View Source Plausible.Purge (Plausible v0.0.1)
Deletes data from a site.
Stats are stored on Clickhouse, and unlike other databases data deletion is done asynchronously.
All import tables have MergeTree's deduplication mechanism disabled by setting
replicated_deduplication_window
from default 100 to 0. When enabled, every insert
into a given table is compared against hashes of 100 previous inserts (as complete
parts, not concrete rows) and ignored when match is found. The prupose of that
mechanism is making inserts of exact same batches idempotent when retrying them
shortly after - for instance due to timeout, when the client can't easily tell if
previous insert succeeded or not. Deduplication, however, only considers inserts,
not mutations.
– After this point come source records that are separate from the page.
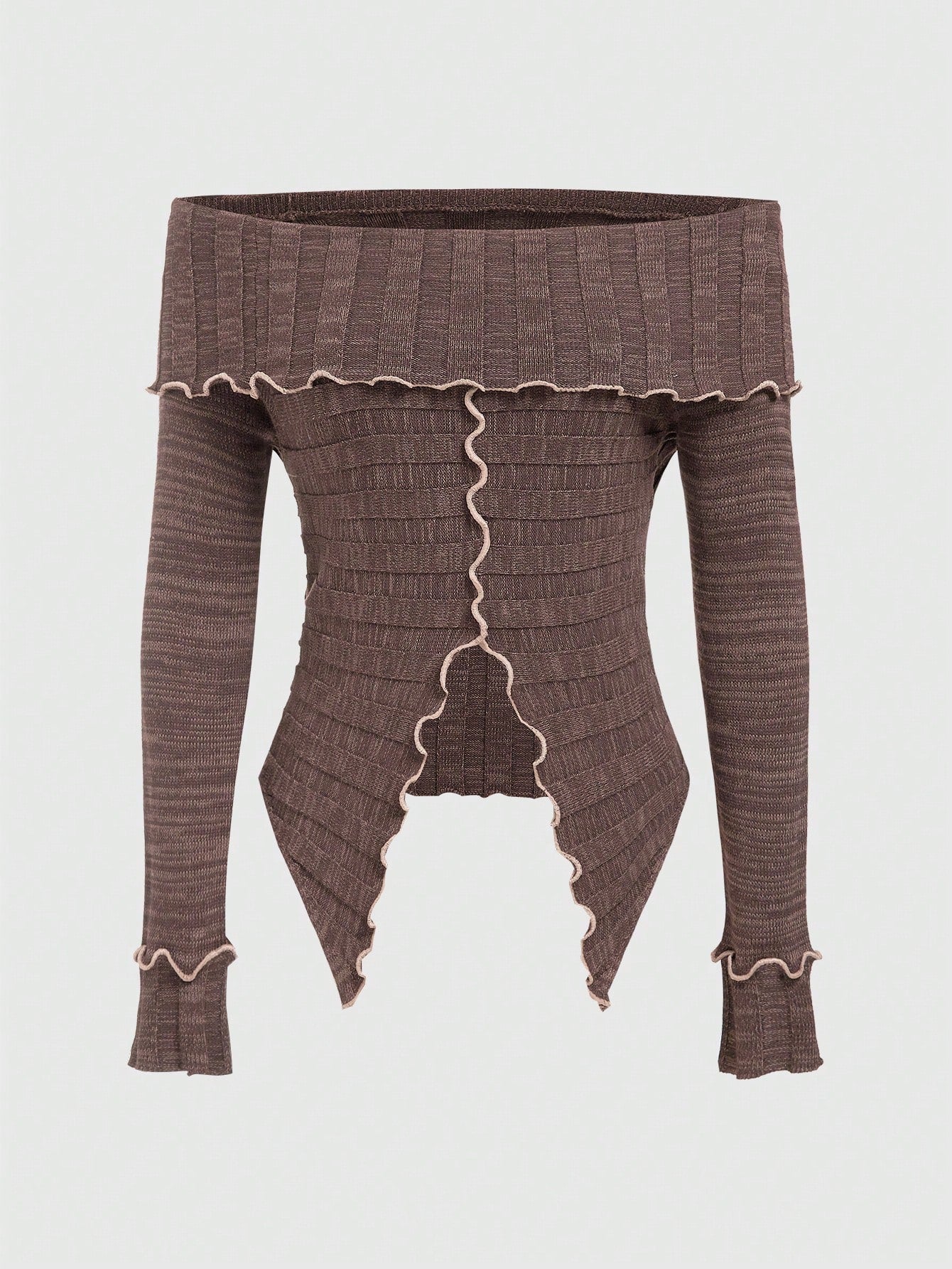 ROMWE Grunge Punk Suéter De Hombro Descubierto Con Dobladillo Asimétrico, División Y Borde Decorativo mujer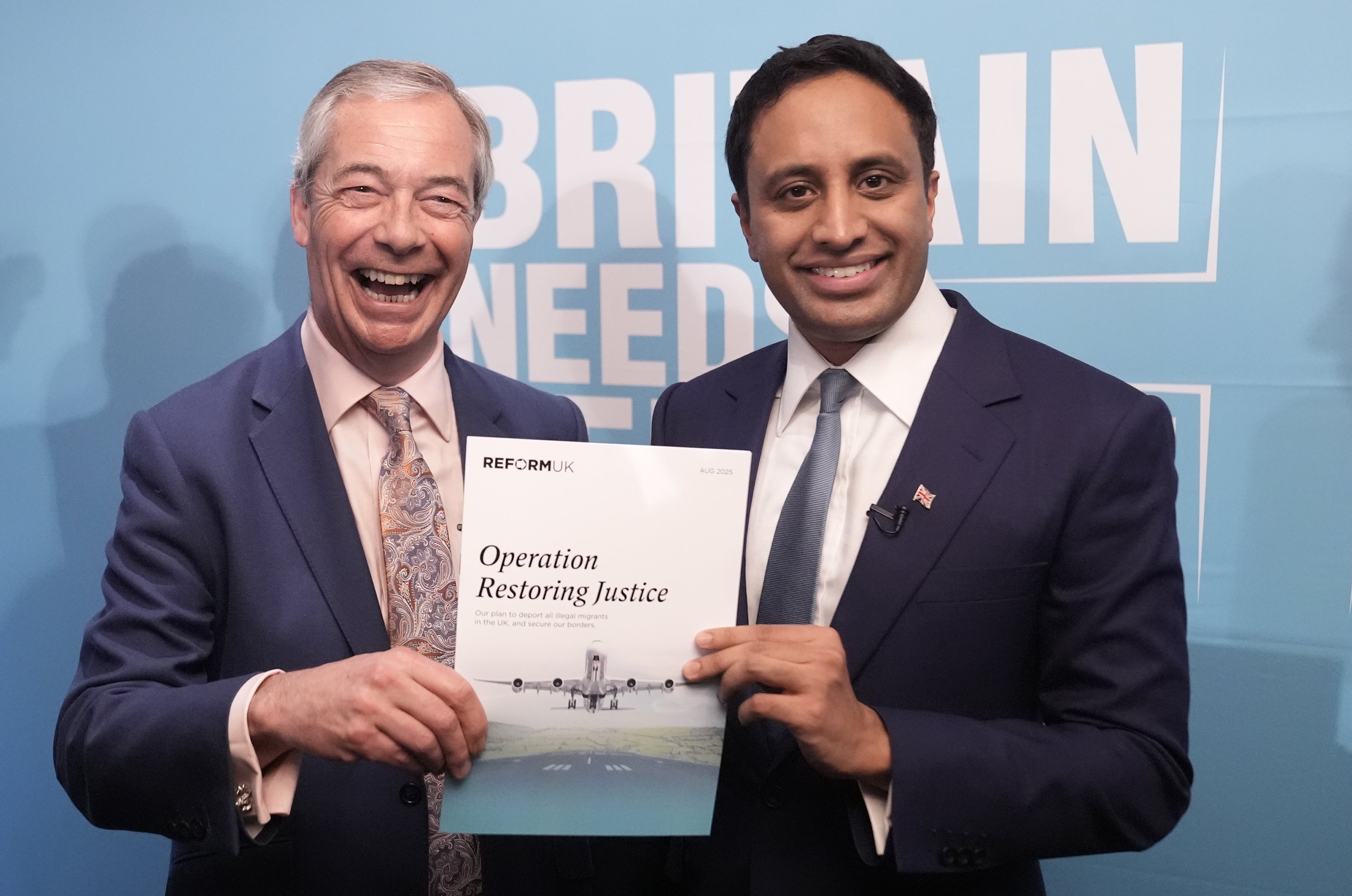 Monday 23 February 2026 12:43 , Dan HaygarthParty leader Nigel Farage with Reform UK's home affairs spokesman Zia Yusuf holding their party's plan, Operation Restoring Justice, to deport all illegal migrants in the UK.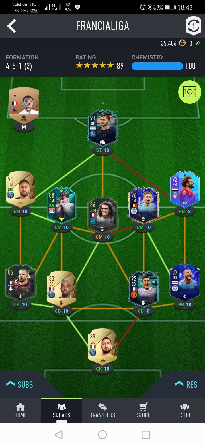 Meg van 1m coin. Mondjuk nem vagyok meggyőzve róla, hogy annyira megéri beépíteni, alap KDB-vel se nagyon találkoztam az elmúlt 4 hónap alatt.gjoe: igen, kb. 3-4 meccsen már az volt, olyan nagyon nem győzött meg, egy meccsen volt csereként kiemelkedő, ott kb. 20-25 perc alatt gól+gólpasszig jutott. De mi kerül ezen a lapon 1.8 millióba, azt nem értem. Persze, tudom, csereként 5 chem (ezért akartam kezdőbe építeni), de na, amikor 71 chemes csapatok jönnek szembe.. és nem érződik rajtuk..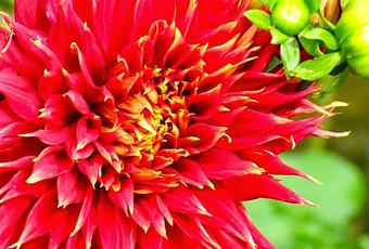 En témoigne ce Dahlia avec son rouge violent et ses formes harmonieuses qui capte tellement le regard que les autres fleurs qui l'entourent font désormais pâle figure...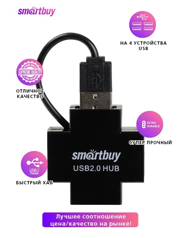 10 цен на USB HUB, хаб на 4 порта Smartbuy USB 2.0 (SBHA-6900-K) черный

Deletions do not affect stored hashes, so further inserts of parts
that were deleted will still be treated as duplicates. That's why this feature
is disabled for import tables.
Although deletions are asynchronous, the parts to delete are "remembered", so there's no risk of overlapping deletion causing problems with import following right after it.
IMPORTANT: Deletion requires revision if/when import tables get moved to sharded CH
cluster setup. Mutation queries, which have to be run with ON CLUSTER
in such setup,
dispatch independent queries across shards and those queries can start at different
times. This in turn means risk of deletions corrupting data of follow-up inserts
in some edge cases. Ideally, imported entries should be unique for a given import
an extra
import_id
column can be introduced, holding identifier. Last processed import identifier should be stored with other site data and should be used for scoping imported stats queries. No longer used imports can then be safely removed fully asynchronously.
Summary
Functions
Deletes imported stats from and clears the stats_start_date
field.
Move stats pointers so that no historical stats are available.
Functions
@spec delete_imported_stats!(Plausible.Site.t() | Plausible.Imported.SiteImport.t()) :: :ok
Deletes imported stats from and clears the stats_start_date
field.
The stats_start_date
is expected to get repopulated the next time
Plausible.Sites.stats_start_date/1
is called.
If the input argument is a site, all imported stats are deleted. If it's a site import, only imported stats for that import are deleted.
@spec delete_native_stats!(Plausible.Site.t()) :: :ok
Move stats pointers so that no historical stats are available.